Heart failure with preserved ejection fraction (HFpEF) is currently being studied intensely as several large trials of drug therapies have failed to benefit patients. Better characterization of these patients is important, and there are open questions regarding microvascular disease and remodeling in the HFpEF population. New MRI methods could be ideal to better characterize and understand HFpEF and its response to treatments. This project seeks to develop, evaluate and apply new MRI methods for high-end perfusion imaging. These methods will estimate endo/epi ratios across the cardiac cycle in free-breathing studies, which will be used along with other new MRI measurements and blood biomarkers to provide new information about microvascular disease. This is of particular value for assessing HFpEF. The aims and methods of this project are to (1) develop and compare new 2D radial simultaneous multi-slice (SMS) and 3D stack-of-stars (SoS) acquisitions and reconstruction methods for quantitative perfusion measurements. (2) To validate the new 2D radial SMS and 3D SoS free- breathing methods in an animal model of HFpEF, and in humans to further characterize the new methods by comparison to a more standard MRI method and to dynamic PET. (3) To use the methods along with fibrosis quantitation and other MRI measures to characterize perfusion and fibrosis changes over time in patients with HFpEF. This will give more insight into non-invasive MRI- based perfusion and fibrosis biomarkers and how they complement other biomarkers and give insight into different subtypes of HFpEF. The relevance to public health is that HFpEF is a leading cause of disability and death and no effective treatment is known. The development and use of accurate and repeatable measurements of perfusion and their combination with fibrosis quantitation will lead to accelerated evaluation of clinical therapies. The project will also provide new tools and knowledge for better management of patients with HFpEF. The proposed approach will be extended to better understand a range of cardiac diseases.

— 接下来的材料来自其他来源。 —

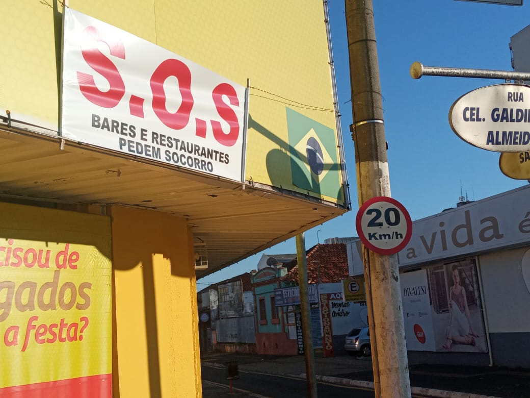 Faixa em comércio no Centro de Marília pede socorro (Foto: Carlos Rodrigues/Marília Notícia)

目前正在深入研究心力衰竭的射血分数（HFPEF），作为几个药物疗法的大型试验未能使患者受益。这些患者的更好表征是重要的是，关于微血管疾病和重塑的问题 HFPEF人群。新的MRI方法可能是更好地表征和理解HFPEF的理想选择及其对治疗的反应。该项目旨在开发，评估和应用新的MRI方法用于高端灌注成像。这些方法将在整个心脏周期中估算内托/epiratios 在自由呼吸研究中，将与其他新的MRI测量和血液一起使用生物标志物提供有关微血管疾病的新信息。这是特别有价值的评估HFPEF。该项目的目的和方法是（1）开发和比较新的2D径向简单性多型式（SMS）和3D堆栈明星（SOS）采集和重建方法定量灌注测量。（2）验证新的2D径向SMS和3D SOS Free- HFPEF动物模型和人类的呼吸方法进一步表征了新的特征通过与更标准的MRI方法和动态PET进行比较。（3）使用方法以及纤维化定量和其他MRI措施，以表征灌注和 HFPEF患者的纤维化随时间变化。这将使人们对非侵入性MRI-有更多的了解基于灌注和纤维化生物标志物以及如何完成其他生物标志物并提供洞察力进入HFPEF的不同亚型。与公共卫生的相关性是HFPEF是残疾和死亡的主要原因，没有有效的治疗已知。精确，可重复的测量的开发和使用灌注及其与纤维化定量的结合将导致对临床的评估疗法。该项目还将提供新的工具和知识，以更好地管理患者与HFPEF。提出的方法将扩展以更好地了解一系列心脏疾病。